= Agmondisham Vesey (died 1739) =

Irish landowner and politician

Agmondisham Vesey (21 January 1677 – 24 March 1739) was an Irish landowner.

==Biography==
He was the son of John Vesey by his second wife Anne, daughter of Colonel Agmondisham Muschamp. He was first elected to Parliament for Tuam in 1703 on the nomination of his father, the Archbishop of Tuam, and would continue to represent the seat until his death.

He married firstly, Charlotte, daughter of William Sarsfield and Mary Crofts, and an alleged granddaughter of Charles II and Lucy Walter. They had two daughters: Anne, who married Sir John Bingham, 5th Baronet, and Henrietta, who married Caesar Colclough.

Vesey's second wife was Jane, daughter of Captain Edward Pottinger and widow of John Reynolds and of Sir Thomas Butler, 3rd Baronet. By her he had further issue, including Agmondisham, also an MP; Letitia, who married Charles Meredyth, Dean of Ardfert; and Catherine, who married Anthony Jephson.
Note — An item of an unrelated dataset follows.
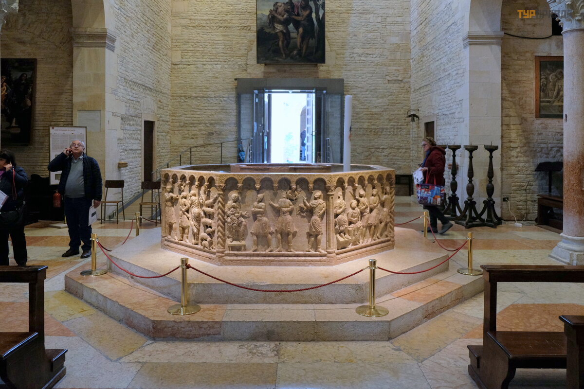 Perł ą koś cioł a San Giovanni in Fonte jest chrzcielnica (ok. XIII w. ), przypominają ca kształ tem oś mioką ta i marmur werony, z któ rej wyrzeź biono chrzcielnicę w bazylice San Zeno. Ze wzglę du na swoją niezwykł ą ż ywotnoś ć i wdzię k rzeź biarską dekorację chrzcielnicy moż na zaliczyć do szczytó w ś redniowiecznej sztuki Werony.

Vesey had residences at Molesworth Street, Dublin; Hollymount, County Mayo; Allenswood, County Kildare and Lucan, Dublin. He died at Lucan Manor in 1739.

He was succeeded by his son Agmondisham Vesey who inherited Lucan Manor.

The name Agmondisham originally comes from an archaic spelling of the town of Amersham in Surrey, England.